The internal state matching of an encoder when switching from TFO mode to tandem connection is maintained while suppressing the corresponding increase in the amount of processing. In the TFO mode, PCM data and compressed data transmitted in multiplexed form are demultiplexed by a PCM data/compressed data demultiplexing unit, and the compressed data is selected by a selector for output. At the same time, an encoding functional unit continues to encode the demultiplexed PCM data so that the internal state matching of the encoder can be maintained in case of a fallback to the tandem connection. At this time, to alleviate the processing burden of the encoder, part of the demultiplexed encoded data, for example, stochastic codebook data, is extracted and supplied to the encoding functional unit.

Description

    BACKGROUND OF THE INVENTION
  • 1. Field of the Invention [0001]
  • The present invention relates to a speech encoding device having a TFO function, and a method. [0002]
  • 2. Description of the Related Art [0003]

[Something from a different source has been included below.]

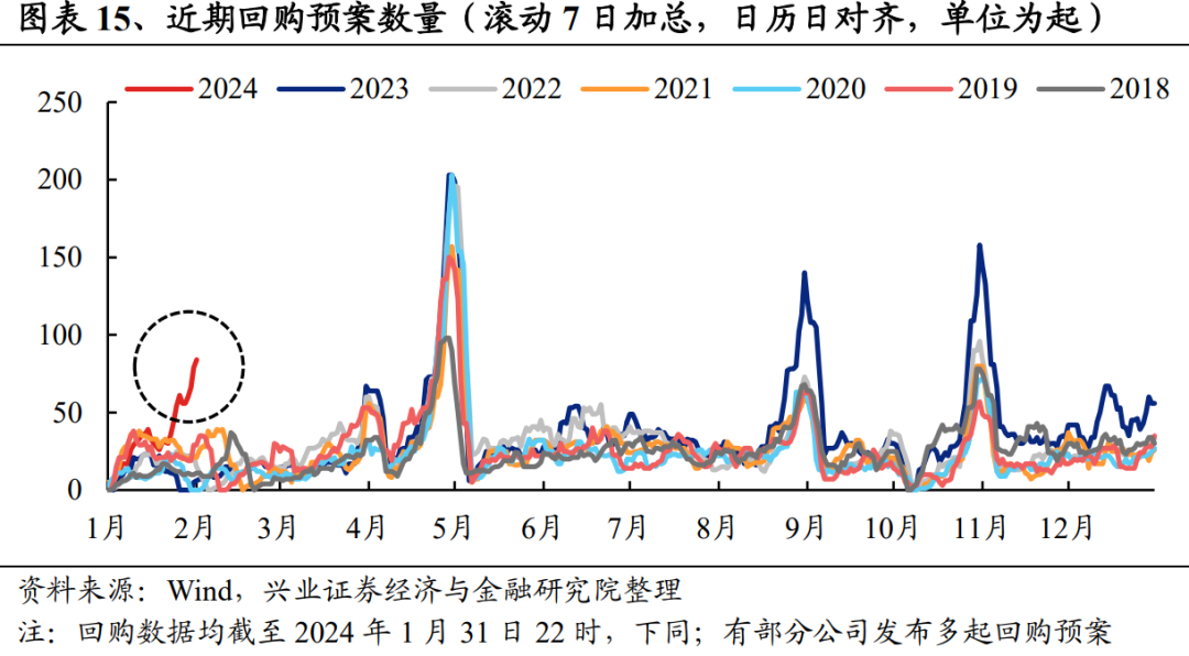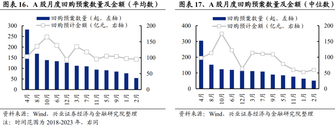 2024年上市公司回购有明显的超季节性特征。从2018-2023年的数据来看,A股市场股票回购具有明显的月度效应。4月和8月通常是上市公司回购的高发期,原因在于上市公司年报和半年报陆续发布,业绩状况得到确认。不管是从平均数,还是中位数角度,2018年-2023年期间,1月和2月回购预案发起数量在所有月份中排名倒数前二。而2024年回购预案的发起则呈现明显的超季节性。

  • In recent years, speech codecs that compress speech data for transmission have come to compress 64-kbps speech data in the telephone speech band to about 4 kbps to 8 kbps for transmission. In particular, in the field of mobile communications, low bit-rate speech codecs have come into use for efficient utilization of bandwidth. In such speech codecs, speech quality degradation due to the accumulation of distortion associated with compression and decompression, especially in the tandem operation of codecs (the configuration hereinafter called the tandem connection), has become a greater issue than before. [0004]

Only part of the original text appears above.